Collected data:
****************
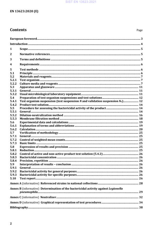 SIST EN 13623:2021 is a standard published by the Slovenian Institute for Standardization (SIST). Its full title is "Chemical disinfectants and antiseptics - Quantitative suspension test for the evaluation of bactericidal activity against Legionella of chemical disinfectants for aqueous systems - Test method and requirements (phase 2, step 1)". This standard covers: This document specifies a test method and the minimum requirements for bactericidal activity of chemical disinfectant products intended to be used for treatment in aqueous systems against Legionella pneumophila that form a homogeneous, physically stable preparation when diluted with buffered ferrous hard water or hard water. Whenever Legionella pneumophila poses a risk to human health, this method is suitable for water used in cooling towers and water for general purposes, like spas, pools, showers and other uses. The method is not suitable for electro-chemical disinfection. The document applies to products used as a single application shock treatment in order to kill Legionella pneumophila. It is not suitable for the evaluation of those products that are dosed continuously into water systems to control the growth of Legionella pneumophila. NOTE 1 The method described is intended to determine the activity of commercial formulations or active substances under the conditions in which they are used. NOTE 2 This method corresponds to a phase 2 step 1 test. NOTE 3 This method does not take into account the fact that Legionella pneumophila is often found in cells of amoebae and/or biofilms and that thereby a product’s activity against the bacteria may be reduced. EN 14885 specifies in detail the relationship of the various tests to one another and to "use recommendation".
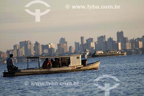Suject: Boat in Guajara Bay with Belem city in the background / Location: Belem City - Para State - Brazil / Date: 07/18/2008
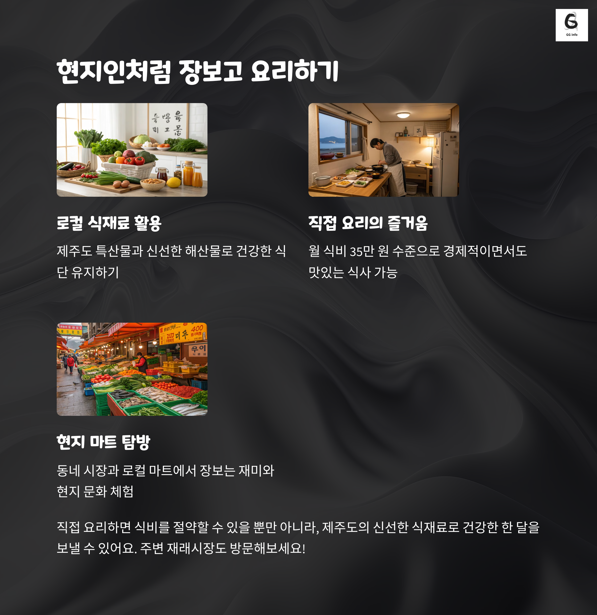 자차를 이용한 덕분에 식비 절약도 가능했습니다. 근처 하나로마트나 전통시장까지 직접 이동해 장을 봤고, 숙소에서 직접 요리를 해 식비는 월 약 35만 원 선으로 유지할 수 있었습니다. 외식을 자주 했다면 60만 원 이상 지출됐을 텐데, 이렇게 실용적인 생활 덕분에 생활비를 꽤 줄일 수 있었죠. 특히 신선한 제주 특산물을 활용한 집밥은 건강에도 좋았고, 여행이 아닌 '삶'을 누리는 느낌이었습니다.
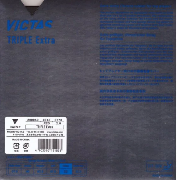 Victas یک برند ژاپنی معتبر در زمینه تولید لوازم پینگ پنگ است که با تمرکز بر نوآوری و کیفیت، محصولاتی بینظیر را به بازار عرضه میکند. این برند با همکاری بازیکنان حرفهای و استفاده از تکنولوژیهای پیشرفته، همواره در تلاش است تا نیازهای بازیکنان در سطوح مختلف را برآورده کند. رویههای سری Triple Extra، از جمله Victas Triple Extra، به دلیل عملکرد بالا و کیفیت ساخت فوقالعاده، در بین بازیکنان حرفهای بسیار محبوب هستند.
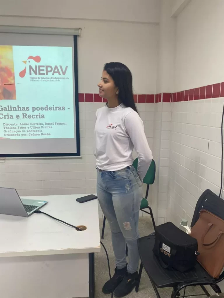 Thaiane Fróes, vice-coordenadora discente do NEPAV, destacou a importância da troca de conhecimentos: “Também buscamos compartilhar os conhecimentos adquiridos no curso e no grupo de estudos, contribuindo para o desenvolvimento sustentável da comunidade e para o fortalecimento da avicultura como alternativa de renda”.
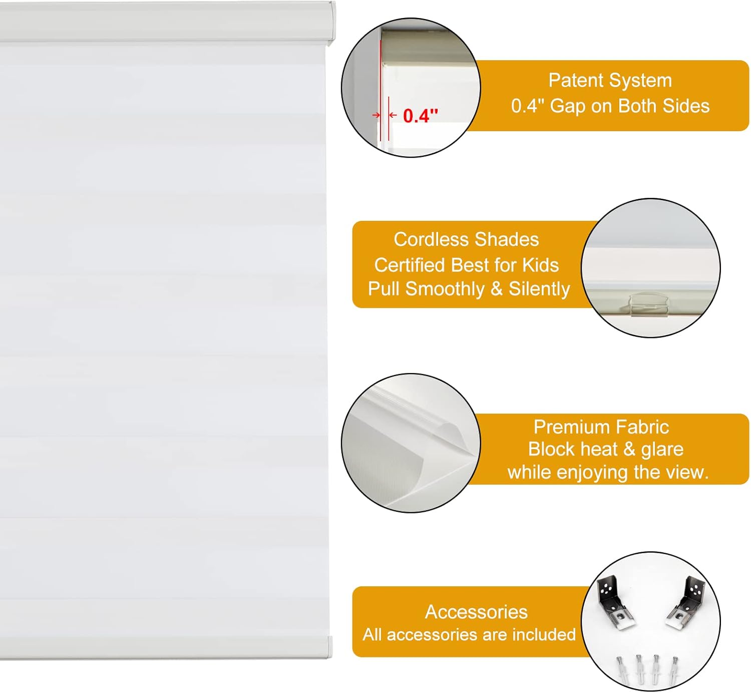 Persilux Cordless Zebra Blinds for Windows Free-Stop Window Blinds (34" W X 64" H, Cream) Dual Layer Light Control for Day and Night, Light Filtering Sheer Shades for Home, Easy to Install
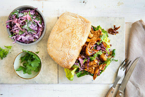 Die Brötchen aufschneiden und nach Geschmack mit den Salatblättern, dem Rotkohlsalat und dem Pulled Chicken belegen. Mit dem restlichen Koriander garnieren und mit dem restlichen Rotkohlsalat servieren.
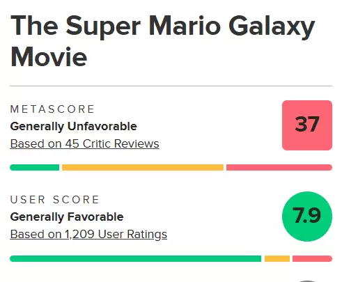 《超级马里奥银河大电影》口碑深度解析:为何媒体与观众评分两极分化? 自《超级马里奥银河大电影》全球公映以来,其口碑评价呈现出极为鲜明的两极分化态势,引发了业界与影迷的广泛讨论。 在汇集了众多专业影评的Metacritic平台上,影片的媒体综评得分仅为37分(满分100),这一分数表明其并未获得主流影
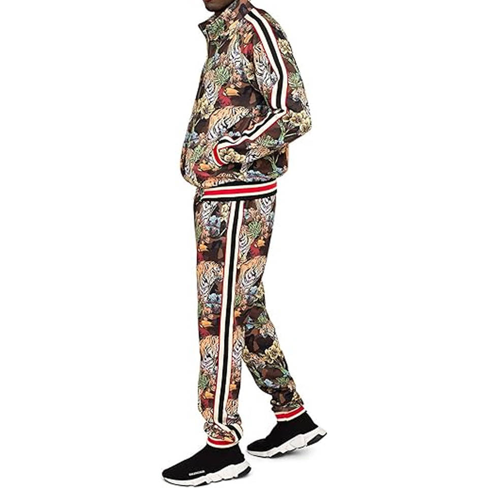 ชุดวอร์มวิ่งและออกกำลังกายสำหรับผู้ชายแจ็คเก็ตมีซิประบายอากาศได้ดีจับคู่กับกางเกงวิ่งปรับได้ลายเสือลายทาง g ลายพราง
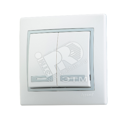 Выключатель 2-кл. СП Mira 10А IP20 с сер. вставкой бел. LEZARD • назначение Выключатель 2-клавишный это двухпозиционный коммутационный аппарат с замыкающими (нормально-разомкнутыми) контактами, предназначенный для работы в сетях с напряжением до 1000 вольт, не предназначенный для отключения токов короткого замыкания, без специальных устройств дугогашения, местного управления, с ручным приводом. • Область применения В основном применяются для включения и выключения освещения в бытовых и производственных условиях. • Принцип действия Принцип действия основан на коммутации контактов механическим способом (нажатием) , при этом положения коммутации фиксированы и позволяют находится в этом режиме достаточно долго, вплоть до следующего воздействия. • Дополнительные принадлежности ИЛИ аксессуары
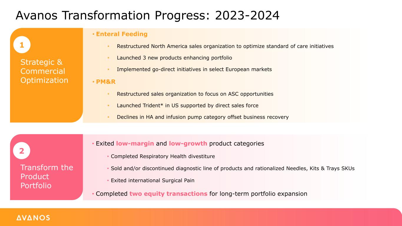 • Enteral Feeding • Restructured North America sales organization to optimize standard of care initiatives • Launched 3 new products enhancing portfolio • Implemented go-direct initiatives in select European markets • PM&R • Restructured sales organization to focus on ASC opportunities • Launched Trident* in US supported by direct sales force • Declines in HA and infusion pump category offset business recovery Avanos Transformation Progress: 2023-2024 1 2 Strategic & Commercial Optimization Transform the Product Portfolio • Exited low-margin and low-growth product categories • Completed Respiratory Health divestiture • Sold and/or discontinued diagnostic line of products and rationalized Needles, Kits & Trays SKUs • Exited international Surgical Pain • Completed two equity transactions for long-term portfolio expansion
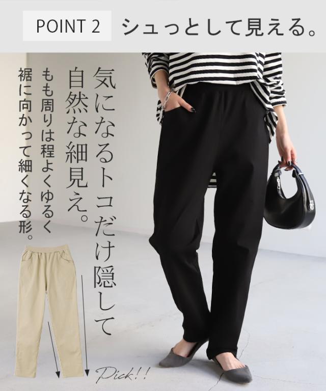 送料無料 8万枚売れたパンツの進化系【ピタゆる!テーパード】 メール便 パンツ テーパードパンツ 一部2月下旬入荷 レディース チノパンツ ボトムス ストレート ゴム リブ シンプル シェフパンツ 秋 冬 秋新作
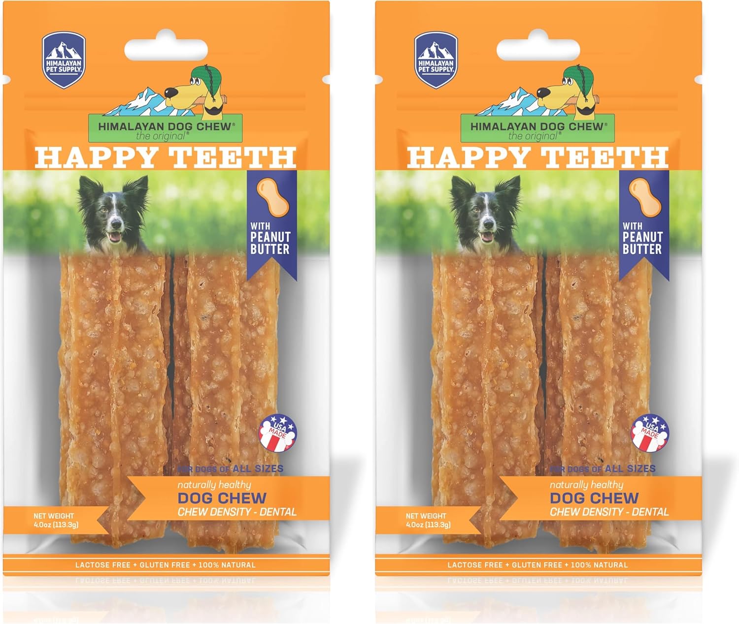 Happy Teeth Natural Cheese Dog Chews | Peanut Butter Flavor | Dental Chew | Protein Rich | Gluten Free - Lactose Free - Wheat Free - Soy Free | 2 Happy Teeth Chews per Resealable Pouch (Pack of 2)
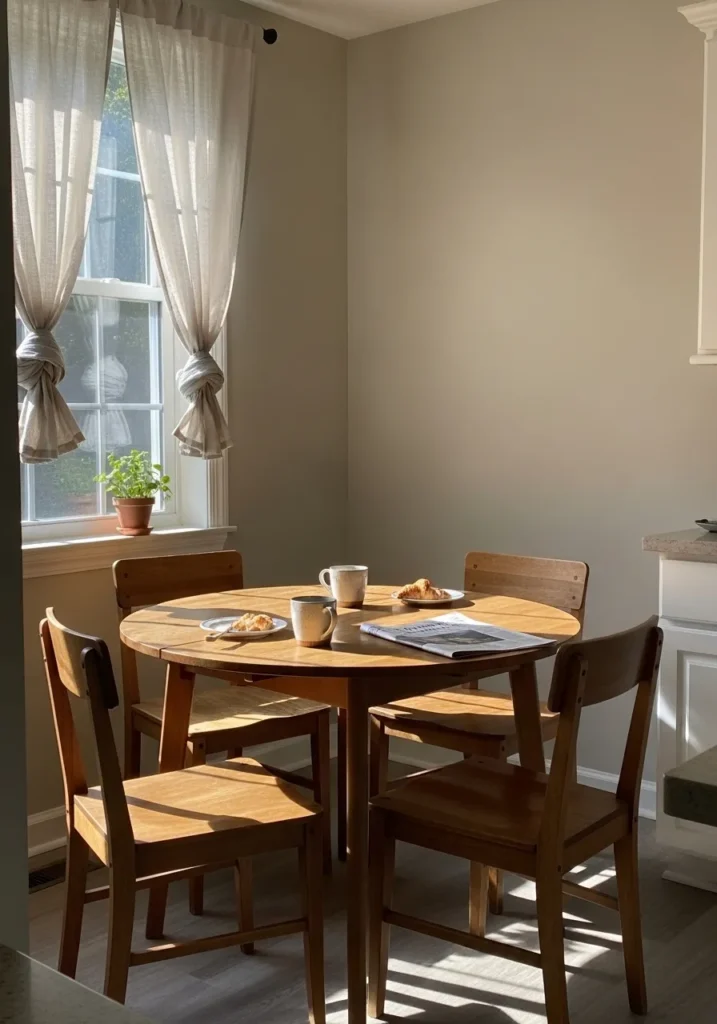 Warm beige walls give this little breakfast corner a soft and welcoming glow. The neutral paint reflects the morning sunlight coming through the window which fills the space with gentle warmth. A round wood table and simple wooden chairs create a relaxed and natural look that feels perfect for everyday meals. Light curtains soften the window while a small plant on the sill adds a fresh and cheerful touch.
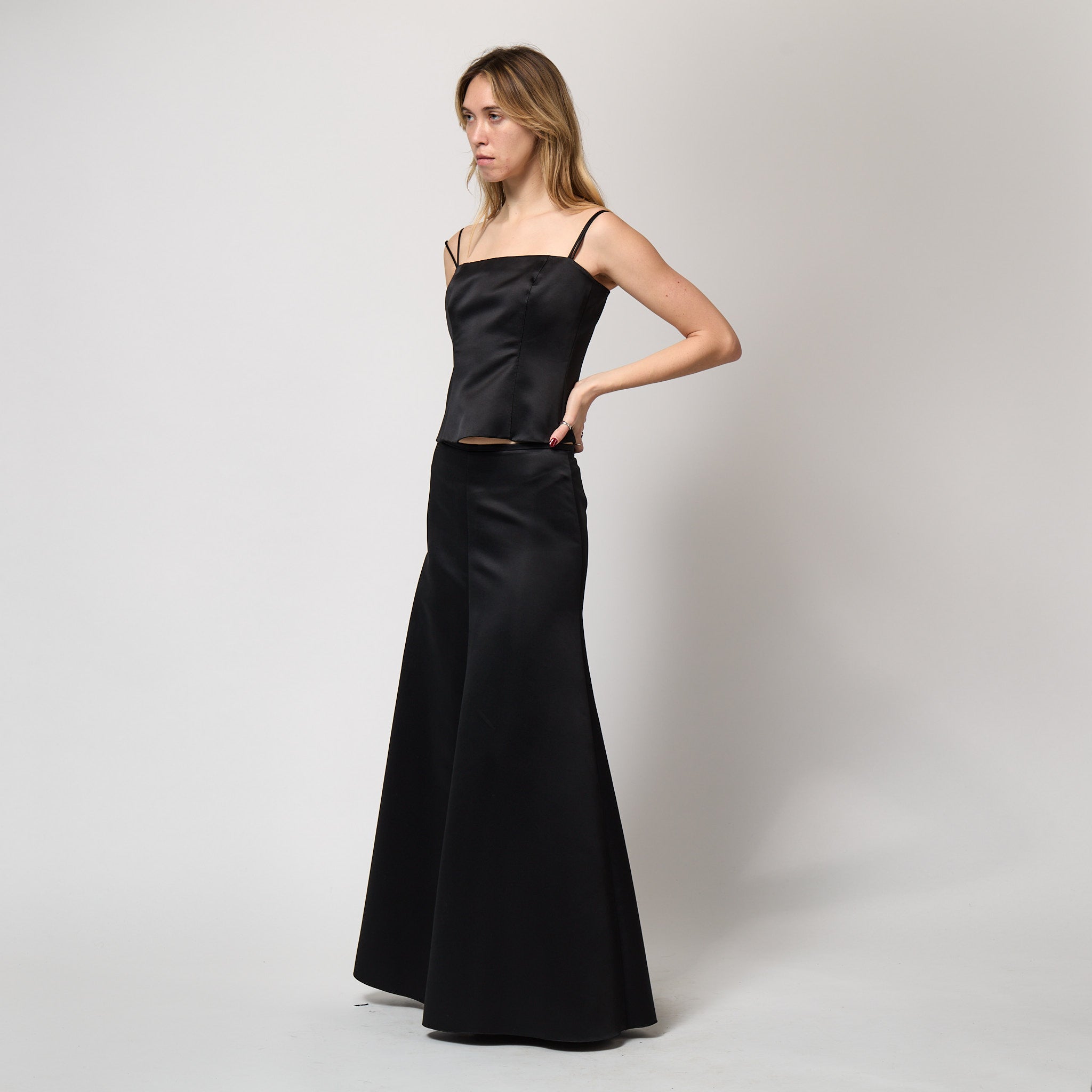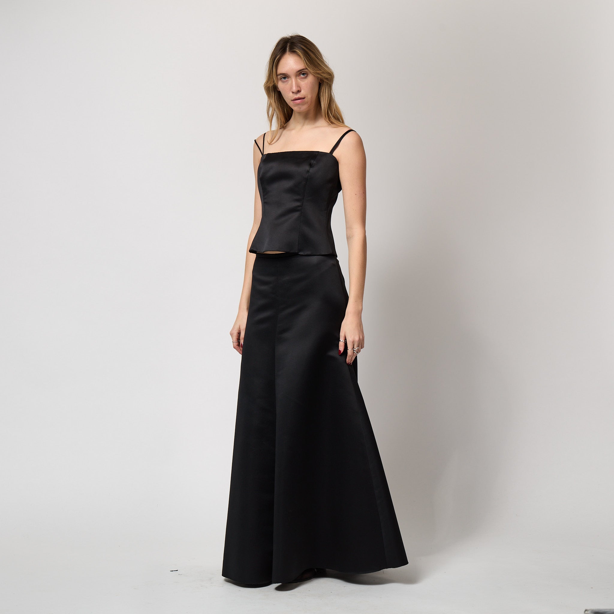 2006 Armani Collezioni Black Satin Bustier Top and Maxi-Skirt
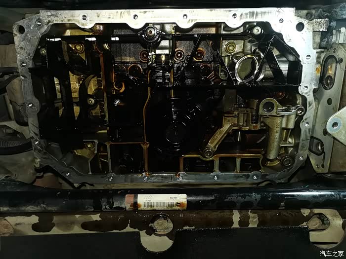 正好趁着拆油底壳,观察一下油泥状态,跑了21w公里,这油底壳厚厚的一层油泥很是唬人,看来无论是抽还是放,残留的油泥都很难自己跑出来
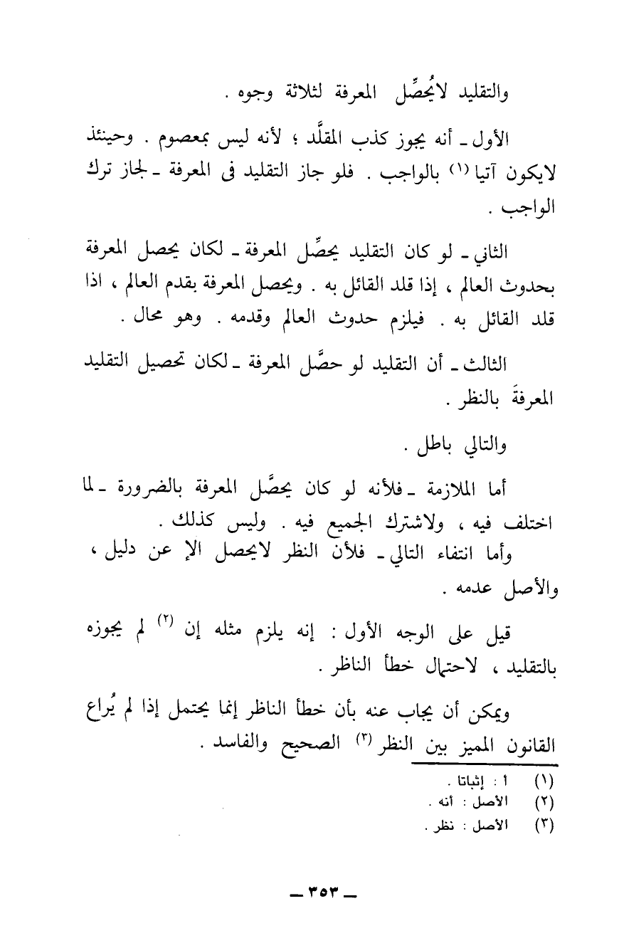 وَالتَّقْلِيدُ لَا يُحَصِّلُ الْمَعْرِفَةَ لِثَلَاثَةِ وُجُوهٍ:
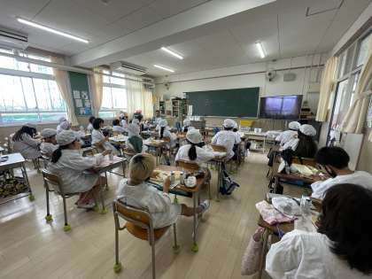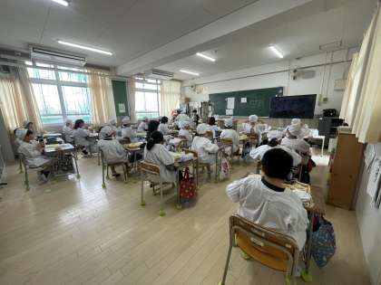 キャベツとさんどまめのサラダは、甘酸っぱい味付けで食べやすくて、苦手な児童でも食べることができていました。
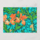 Postcard im William Morris, Art Nouveau, textiler Druck von Tischtennis und Blätter, digital verstärkt und farbig, in Orange, Kalkgrün und Weichaqua, auf türkisfarbenem Hintergrund
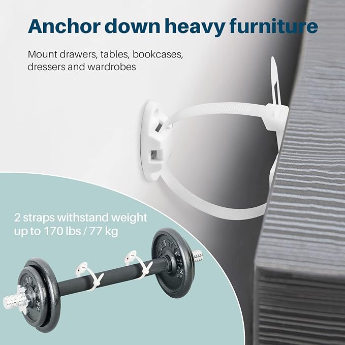 - Heavy Duty Furniture Anchors: Each furniture anchors for baby proofing is designed to support up to 85lbs. With single and dual safety mounting options you can attach furniture with two straps to ensure the complete safety of your child and furnitures
****************
_About this task_:
Among the entries above, locate the line with "送料無料 8万枚売れたパンツの進化系【ピタゆる!テーパード】 メール便" and the line with "Postcard im William". Give those two lines and all lines between them again, exactly, leaving out the pictures.

_Solution to the problem_:
 送料無料 8万枚売れたパンツの進化系【ピタゆる!テーパード】 メール便 パンツ テーパードパンツ 一部2月下旬入荷 レディース チノパンツ ボトムス ストレート ゴム リブ シンプル シェフパンツ 秋 冬 秋新作
 Happy Teeth Natural Cheese Dog Chews | Peanut Butter Flavor | Dental Chew | Protein Rich | Gluten Free - Lactose Free - Wheat Free - Soy Free | 2 Happy Teeth Chews per Resealable Pouch (Pack of 2)
 Warm beige walls give this little breakfast corner a soft and welcoming glow. The neutral paint reflects the morning sunlight coming through the window which fills the space with gentle warmth. A round wood table and simple wooden chairs create a relaxed and natural look that feels perfect for everyday meals. Light curtains soften the window while a small plant on the sill adds a fresh and cheerful touch.
 2006 Armani Collezioni Black Satin Bustier Top and Maxi-Skirt
 正好趁着拆油底壳,观察一下油泥状态,跑了21w公里,这油底壳厚厚的一层油泥很是唬人,看来无论是抽还是放,残留的油泥都很难自己跑出来
 وَالتَّقْلِيدُ لَا يُحَصِّلُ الْمَعْرِفَةَ لِثَلَاثَةِ وُجُوهٍ:
 キャベツとさんどまめのサラダは、甘酸っぱい味付けで食べやすくて、苦手な児童でも食べることができていました。
 Postcard im William Morris, Art Nouveau, textiler Druck von Tischtennis und Blätter, digital verstärkt und farbig, in Orange, Kalkgrün und Weichaqua, auf türkisfarbenem Hintergrund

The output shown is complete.